The narrative surrounding the sector is that it continues to struggle and that landlords are leaving in their droves. But the numbers tell a more encouraging story.

There is no doubt that the past two years have been a rollercoaster. From the highs of 2022, the market retrenched in 2023 and has been recovering since. That experience has understandably left many brokers, landlords and even lenders bruised.

SOLID DATA

But if we strip away the noise and look purely at the data, the market is faring relatively well, considering the headwinds it’s facing. And when people look back on 2025, the consensus may well be that it was a solid, stabilising year that quietly outperformed expectations.

At the end of last year, the major trade bodies forecast between £32bn (UK Finance) and £38bn (Intermediary Mortgage Lenders Association) of buy-to-let lending for 2025. After a slightly disappointing second quarter, it briefly looked like the market might be drifting towards the lower end of those projections.

However, a stronger-than-expected Q3 altered the picture significantly. Lending for the first nine months of the year reached £30.2bn – up 23.4% on the same period in 2024.

Barring a sharp and unlikely slowdown in Q4, £38bn should be well within reach, with the potential even to edge above it.
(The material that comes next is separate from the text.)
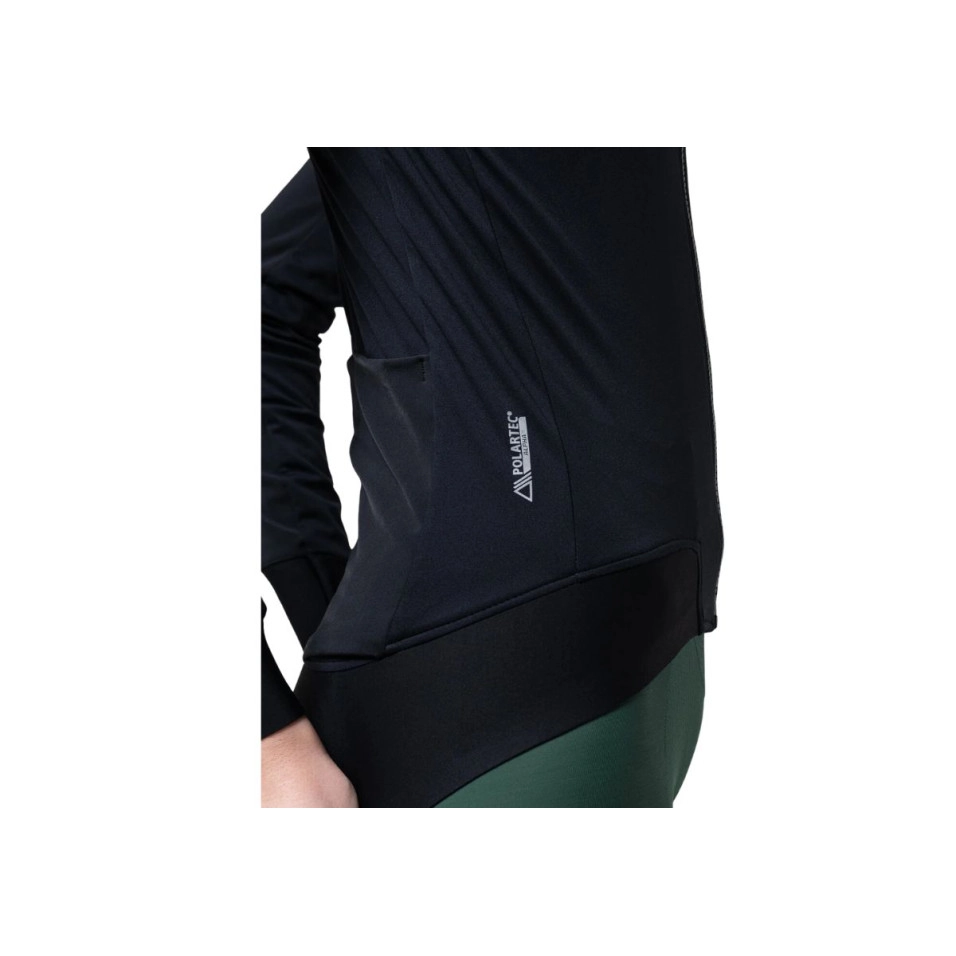 La veste thermique Gobik Armor Vanta 2.0 se distingue par la membrane Polartec® NeoShell® et l'isolation intérieure Polartec® Alpha®. Sa couche externe crée une barrière impénétrable contre la pluie et le vent, tandis que sa technologie intérieure régule magistralement la température, que ce soit à un rythme élevé ou calme, faisant de ce modèle le plus complet pour les temps froids et difficiles. DÉTAILS - Couche extérieure Polartec® Neoshell® imperméable et respirante. - Isolation intérieure Polartec® Alpha®. - Col montant double épaisseur. - Coutures scellées au niveau des épaules. - Double fermeture éclair frontale YKK Vislon® AquaGuard®. - Ouverture d'aération arrière dans la partie supérieure du dos. - Poignets élastiques réglables. - Poches arrières avec système GRS et système d'évacuation de l'eau. - Poches intérieures au niveau lombaire pour protéger les affaires ou les gants intermédiaires. - Taille élastique avec bande de silicone antidérapante. - Jupe arrière en néoprène. - Détails réfléchissants. TECHNOLOGIE La couche extérieure intègre la membrane Polartec® Neoshell®, le tissu imperméable le plus respirant au monde, avec un équilibre parfait pour le développement des activités physiques. Offre résistance aux intempéries et durabilité, tout en permettant un échange d'air dynamique et une gamme complète de mouvements. Pour l'isolation intérieure, on utilise du Polartec® Alpha®, un tissu conçu pour les forces spéciales EE.UU. , qui exigeaient une isolation supérieure avec une respirabilité optimale, dans des conditions de démarrage et d'arrêt continus au combat. Il combine des fibres hydrophobes avec un noyau en maille solide pour créer une circulation d'air active. Il est très léger, compressible et absorbe instantanément l'humidité générée par l'effort. La combinaison des deux couches parvient à disperser l’excès de chaleur et d’humidité tout en bloquant l’air froid et la pluie. Le col est conçu de la même manière, avec une pièce extérieure qui poursuit la structure de la veste, isolant de l'eau et du vent, tandis que la pièce intérieure garantit un ajustement parfait et un toucher très doux. Les coutures scellées au niveau des épaules empêchent l'eau de s'infiltrer et donnent au vêtement un look très personnel. La double fermeture éclair japonaise YKK permet de le placer dans deux positions, la première entièrement isolante, pour nous protéger autant que possible des éléments, et la seconde, ouvrant un soufflet interne en maille qui permet à l'air d'entrer lorsque nous avons besoin d'une ventilation supplémentaire. Une ouverture avec un canal intérieur est placée à l'arrière, qui canalise le flux d'air vers l'extérieur lorsque l'on utilise la deuxième position de la fermeture éclair, et extrait la chaleur résiduelle si l'on utilise la première. Les poignets hautement élastiques sont conçus pour l'utilisation de gants, en s'y attachant pour bloquer les courants d'air et obtenir une adaptation parfaite à notre poignet. Nous disposons d'une grande capacité de chargement, grâce à ses trois poches extérieures avec système GRS et ses deux intérieures, qui nous permettront de protéger nos affaires de la pluie ou de porter des gants intermédiaires, au cas où la température s'améliorerait. Un système d'évacuation d'eau est ajouté aux poches extérieures, constitué d'un soufflet en partie basse. La jupe arrière en néoprène offrira une protection supplémentaire contre les éclaboussures de la roue arrière. Pour améliorer la visibilité, il dispose de réflecteurs sur les bras et sur la jupe arrière. |

That growth has been driven mainly by lower borrowing costs. Average buy-to-let rates are around 50 basis points lower than a year ago. That’s broadly in line with the fall in SWAP rates since the end of last year.

It’s important to acknowledge, however, that markets remain uneasy about the government’s ability to reduce borrowing and deliver a credible deficit-cutting plan. That scepticism is keeping gilt yields – and therefore Swap rates – higher than they ought to be based on fundamentals, which may limit further reductions in mortgage pricing.

Even so, mortgage rates are materially lower than they have been, meaning more landlords are now able to transact. That is reflected in the lending data.

HEALTHY DEMAND

Another major tailwind is tenant demand. The rental market remains exceptionally strong, with no sign of easing. According to the ONS, private rents rose 5% to an average of £1,360. Meanwhile, yields remain attractive, averaging a healthy 6.3% in September, according to UK Finance.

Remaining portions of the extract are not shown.